WHAT THE TASK ASKS
Repeat the records below exactly, from the first line through the line containing "猪蹄 500克、薏米 2把、姜 1块、黄酒 1勺、精盐 适量、葱 1根、鸡腿 1个", and leave out any pictures.

MATERIAL SHOWN
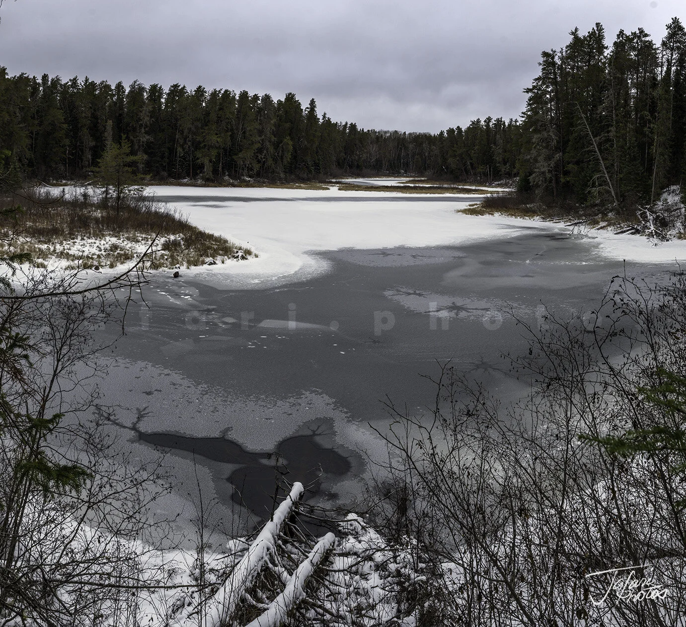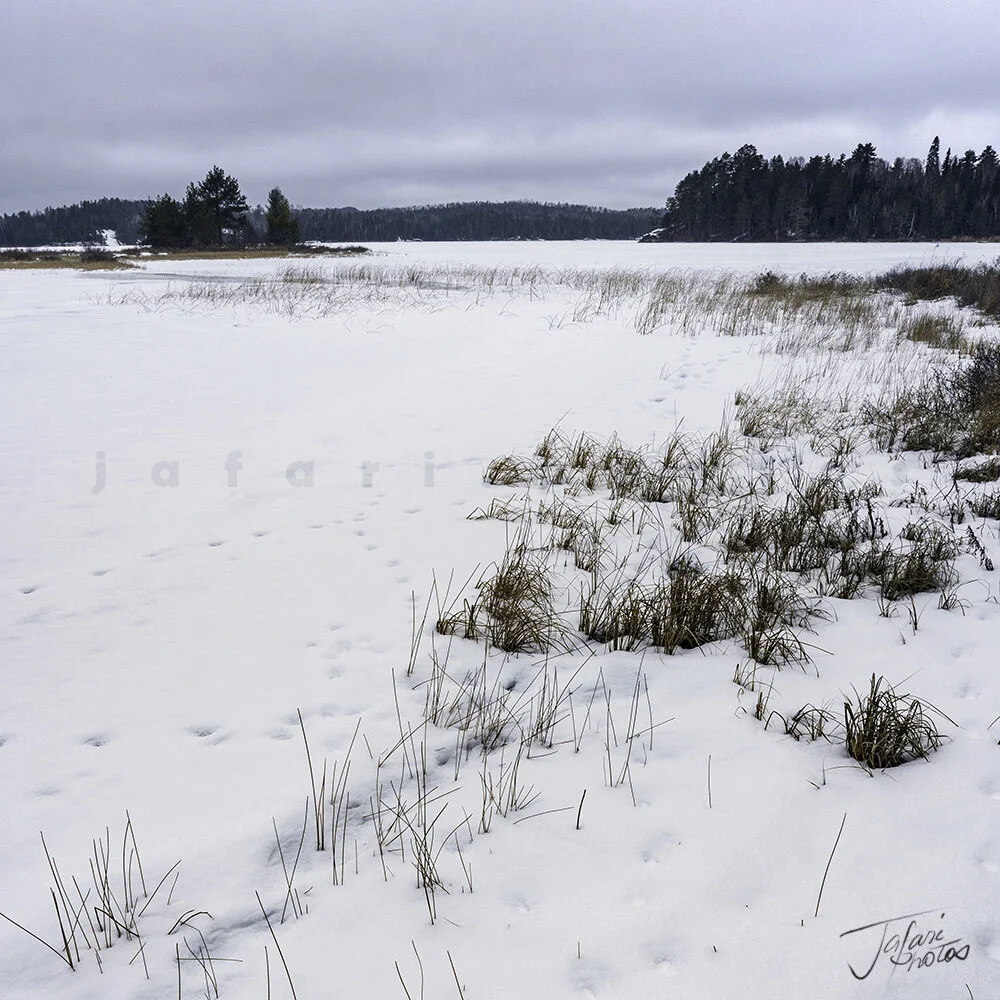 I was up at 5:30 and headed out of the door at 6:30. The weather looked dark and gloomy, promising an overcast morning, but I still had hope. When I arrived at Silver Harbour, there was no ice on the Lake, so I drove to Amethyst Harbour – the next stop. Right enough, the Lake was frozen there, but the only spot to access the Lake without trespassing on someone’s property faced west!
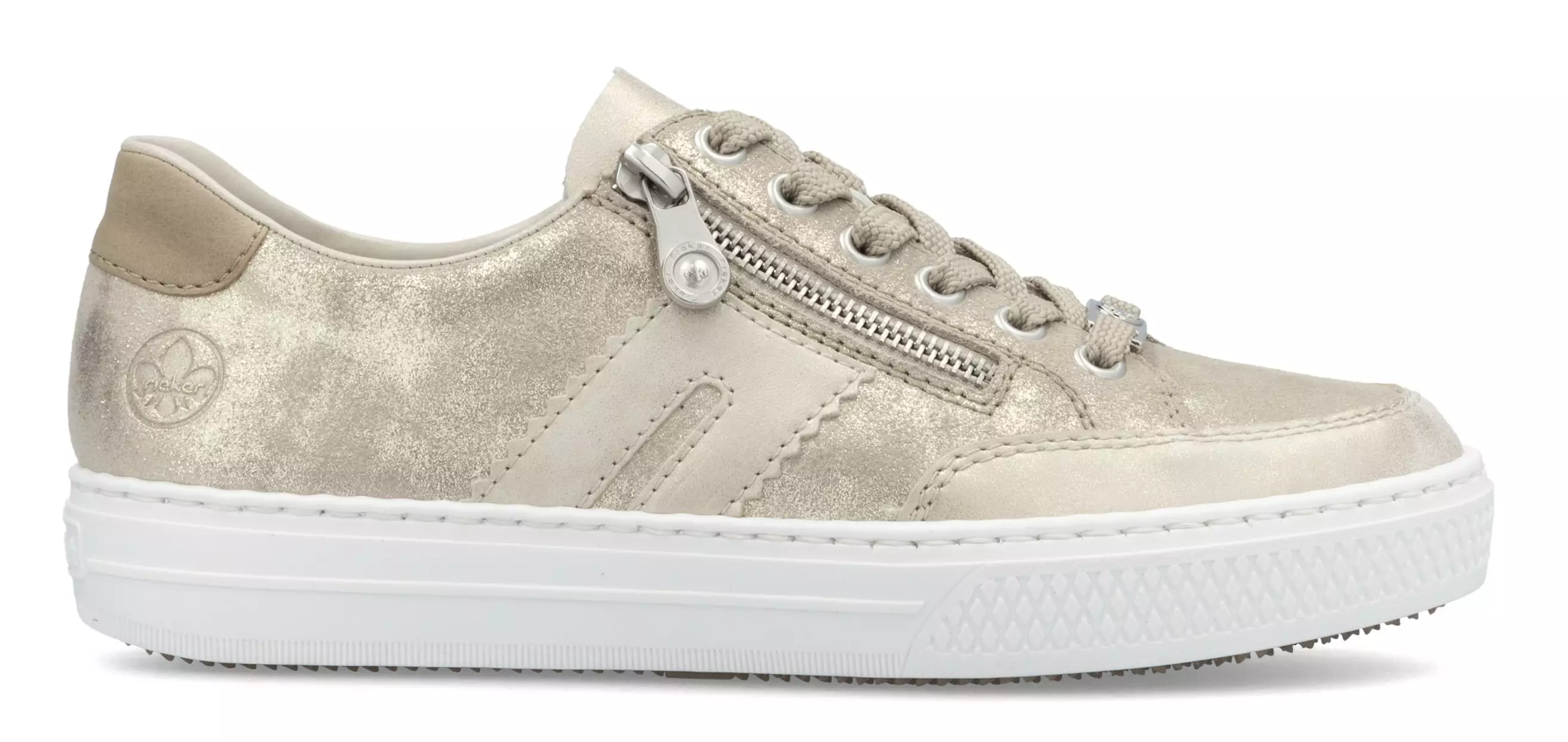 Gorgeous golden sneakers with a shaping Memosoft insole. The zipper on the outer side makes it easy to put on the shoes, and the lacing allows you to adjust the shoes to fit your feet.
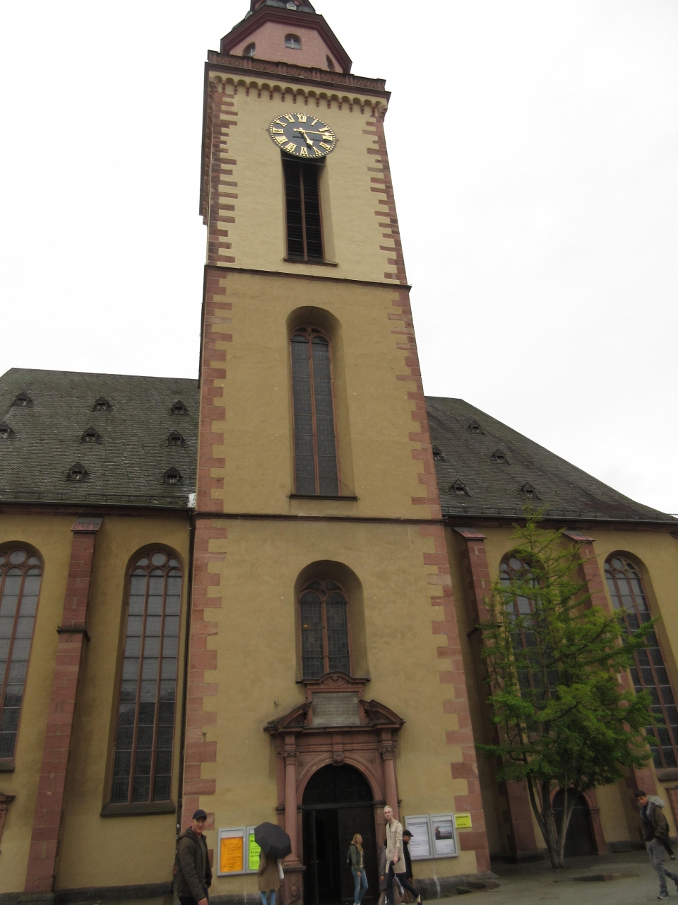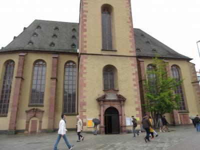 ゲーテハウスからUバーンのHauptwache駅へ向かう途中にある。ベージュを基調にし、窓枠の茶色がアクセントになっている可愛い感じがする教会。最初は教会には見えなかったが周囲の建物とは明らかに構造が違う。ゲーテが洗礼を受けている。
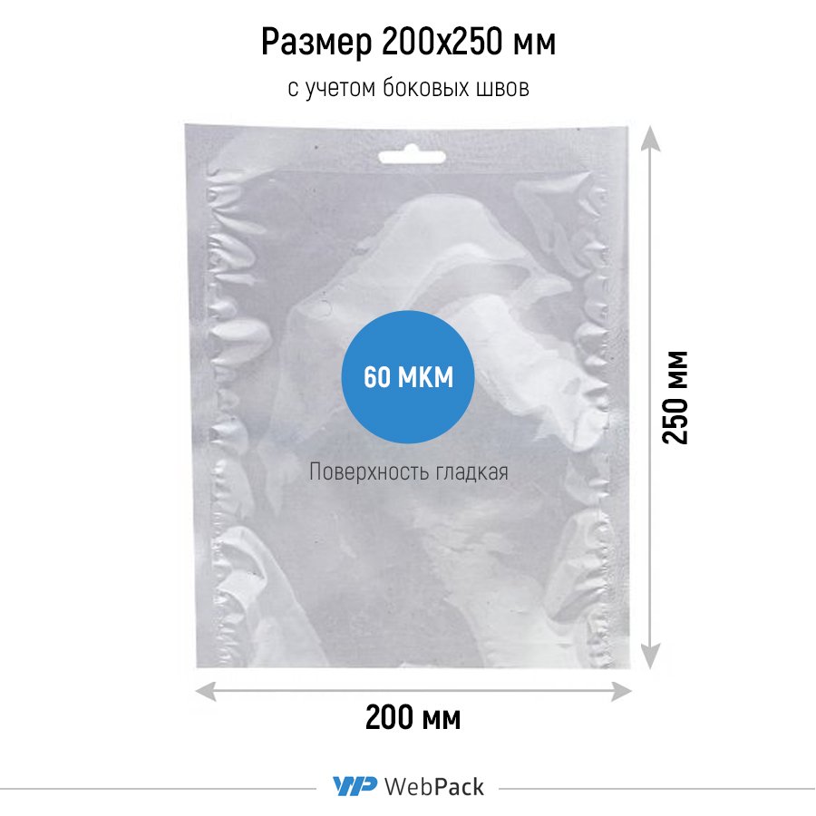 Вакуумный пакет 200*250мм, ПЭТ/ПЭ, 60 мкм,с еврослотом
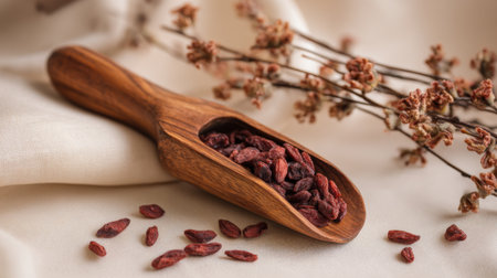 Close-up view of vibrant goji berries in a wooden scoop, complemented by delicate dried flowers on a beige fabric, capturing the essence of nature and nutrition.
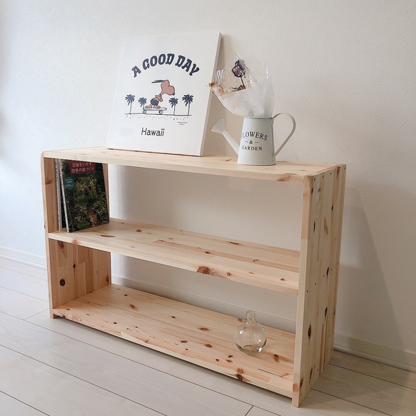 um ハンドメイド 一枚板で作るオモチャ棚w64モンテッソーリ DIY オープンなおもちゃ棚。
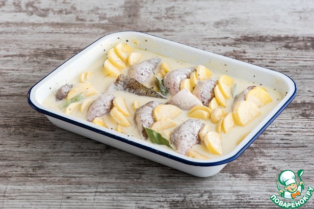Смажьте сливочным маслом глубокую форму и выкладывайте слоями: рыбу, картофель, снова рыбу, лавровый лист, каждый слой солите и перчите. Сверху должен остаться слой картошки.
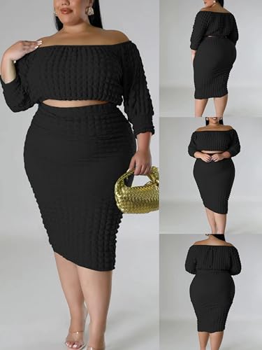 popular ! Women Plus Size 2 Piece Outfits Off Shoulder Dresses Set Sexy Crop Top Casual Bodycon Popcorn Midi Skirt Sets Vacation
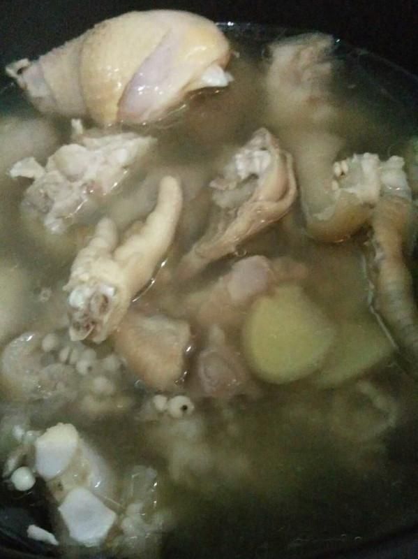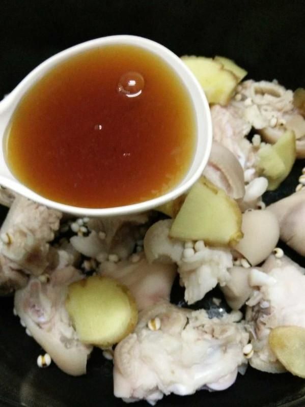 猪蹄 500克、薏米 2把、姜 1块、黄酒 1勺、精盐 适量、葱 1根、鸡腿 1个
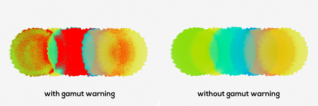 The color gamut describes the full range of colors that the printer can reproduce. If a spot color cannot be reproduced within the user-specified tolerance, Rebelle will show you the gamut warning:
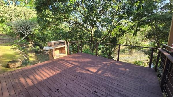 At a decent 92 SQM. Fully tiled, with porcelain tiles throughout. Boasting 2 bedrooms BIC. Family bathroom. Open plan melamine fitted kitchen GAS HOB ELEC OVEN & breakfast nook. Lounge & dining. Large wooden deck. Built in braai & pet friendly garden Pets by permission.

TASK RESPONSE
 I was up at 5:30 and headed out of the door at 6:30. The weather looked dark and gloomy, promising an overcast morning, but I still had hope. When I arrived at Silver Harbour, there was no ice on the Lake, so I drove to Amethyst Harbour – the next stop. Right enough, the Lake was frozen there, but the only spot to access the Lake without trespassing on someone’s property faced west!
 Gorgeous golden sneakers with a shaping Memosoft insole. The zipper on the outer side makes it easy to put on the shoes, and the lacing allows you to adjust the shoes to fit your feet.
 ゲーテハウスからUバーンのHauptwache駅へ向かう途中にある。ベージュを基調にし、窓枠の茶色がアクセントになっている可愛い感じがする教会。最初は教会には見えなかったが周囲の建物とは明らかに構造が違う。ゲーテが洗礼を受けている。
 Вакуумный пакет 200*250мм, ПЭТ/ПЭ, 60 мкм,с еврослотом
 Close-up view of vibrant goji berries in a wooden scoop, complemented by delicate dried flowers on a beige fabric, capturing the essence of nature and nutrition.
 um ハンドメイド 一枚板で作るオモチャ棚w64モンテッソーリ DIY オープンなおもちゃ棚。
Смажьте сливочным маслом глубокую форму и выкладывайте слоями: рыбу, картофель, снова рыбу, лавровый лист, каждый слой солите и перчите. Сверху должен остаться слой картошки.
 popular ! Women Plus Size 2 Piece Outfits Off Shoulder Dresses Set Sexy Crop Top Casual Bodycon Popcorn Midi Skirt Sets Vacation
 猪蹄 500克、薏米 2把、姜 1块、黄酒 1勺、精盐 适量、葱 1根、鸡腿 1个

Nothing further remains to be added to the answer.